Observability requires time, effort, and understanding — there are no shortcuts
Metrics, logs, and traces must be designed into systems, not added as afterthoughts
Prometheus is not a distributed system and can get resource spikes from bad queries, if you run out of CPU/memory you can slow down the instance to the point that it gets unresponsive, and you might end up with a gap when querying later because the server had been put in a situation where it couldnt get out and scrape metrics. It also wont evaluate any alerts.
For HA Prometheus, use replicas of Prometheus to avoid data gaps during failures and put a reverse proxy (e.g., promxy or Thanos Query) in front of replicas to fan out queries and deduplicate data. Be aware of increased latency and operational overhead with these proxies.
For metrics;
- Use Prometheus configuration limits;
- Avoid unbounded label values;
- Limit label combinations to reduce cardinality;
- Shard/federate Prometheus instances for scalability; and
- Use separate metrics for different levels of granularity (endpoint, API version, global).
Exporters should use "ConstMetrics" pattern to avoid stale metric issues from ephemeral values. Centralize and standardize custom exporters to replace ad-hoc monitoring scripts.
Group and route alerts smartly (e.g., critical to pager, debug to Slack). Maintain alert context and write playbooks to act on alerts.

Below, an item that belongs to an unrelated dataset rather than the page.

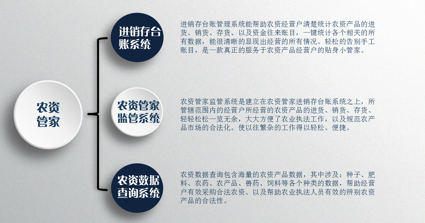 農(nóng)資管家監(jiān)管系統(tǒng)是建立在農(nóng)資管家進(jìn)銷存臺(tái)賬系統(tǒng)之上,所管轄范圍內(nèi)的經(jīng)營(yíng)戶所經(jīng)營(yíng)的農(nóng)資產(chǎn)品的進(jìn)貨、銷貨、存貨、輕輕松松一覽無(wú)余,大大方便了農(nóng)業(yè)執(zhí)法工作,以及規(guī)范農(nóng)產(chǎn)品市場(chǎng)的合法化。使以往繁雜的工作得以輕松、便捷。

Questions/Discussion Points

This talk is from 2019 and now in 2025 with the launch of Prometheus 3.x, some limitations mentioned have been improved. E.g. better query performance, support for native histograms (for better cardinality handling), and more efficient long-term storage with block eviction. However, Prometheus is still not a distributed system and HA setups still require external tools.